Isaac Loría
Psychologically fertile landscapes emerge in the work of painter Isaac Loría, who gathers inspiration during early morning walks around Herradura, an area of beach-adjacent farmland on the Pacific coast of Costa Rica. His gestural paintings have a forthright immediacy, expressively capturing the beautiful but harsh environment, where high temperatures and humidity often become extreme by midday. Self-taught, yet fully versed in Velázquez and other classical masters, Loría brings an extensive art historical awareness to his remote and rustic environment, often painting outdoors amidst mango and banana trees, tacking his unstretched canvases to humble structures on his grandfather’s farm. Loría is a “painter’s painter,” an artist painting in order to investigate his reality, his memory, and his life, but who fundamentally employs paint as a material and a reality unto itself.

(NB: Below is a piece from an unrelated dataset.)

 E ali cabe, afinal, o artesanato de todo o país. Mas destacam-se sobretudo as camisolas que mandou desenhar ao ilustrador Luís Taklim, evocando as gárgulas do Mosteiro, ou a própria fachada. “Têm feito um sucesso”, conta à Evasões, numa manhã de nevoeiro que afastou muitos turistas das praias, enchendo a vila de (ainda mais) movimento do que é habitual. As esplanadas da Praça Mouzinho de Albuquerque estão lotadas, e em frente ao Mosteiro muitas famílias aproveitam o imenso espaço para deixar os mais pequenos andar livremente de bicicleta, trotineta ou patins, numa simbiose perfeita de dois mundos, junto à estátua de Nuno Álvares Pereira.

Loría’s work has been exhibited at el Museo de Arte Costarricense, San José, Costa Rica and was featured in Seguimos: Contemporary Art in Costa Rica at Craig Krull Gallery, Santa Monica in 2024.

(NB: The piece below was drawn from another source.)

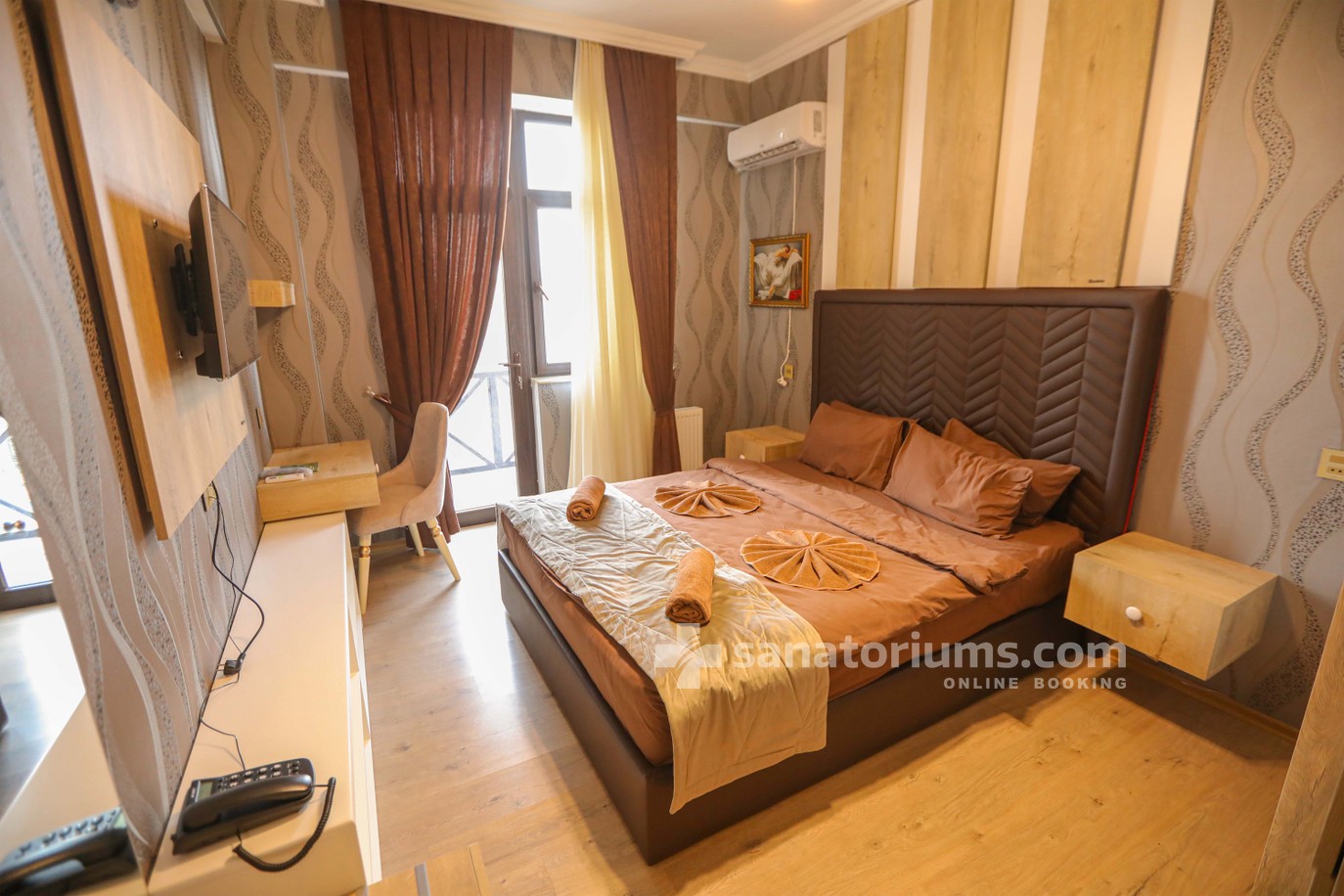 The hotel lobby, with 145 rooms, features modern design in light tones, accented with elegant black and gold shades. Floors include lounges for relaxation and spacious, stylish rooms ranging from 23 to 56 m², including Standard, Suite, Superior, and De Luxe types, all furnished with new furniture and equipped with climate control. A pleasant feature of the hotel is that every room has a balcony. Guests can enjoy TV, internet access, and beverages during their free time.

“I can still remember the smell of the paint from the first tube of oil paint I ever held, a yellow oxide from the Acrilex brand, the little ones. Something about the smell of that paint made me feel like there was something different about this new material. It wasn't the same as the children's watercolors I had used before. I was 8 years old, but some time before that, I had already shown a great interest and sensitivity for painting.”
—Isaac Loría

“Although painting is commonly done on a flat surface, it occupies a place in time and space in a three-dimensional way. Therefore, painting is a body with unique qualities that relate to the environment rather than an image that resides in the mind. Painting is not a representation of the world either, whether that of dreams or waking life. Painting is only a representation of itself, and it is to this that it must remain faithful, not to photography, nor to what our eyes see outside of it.”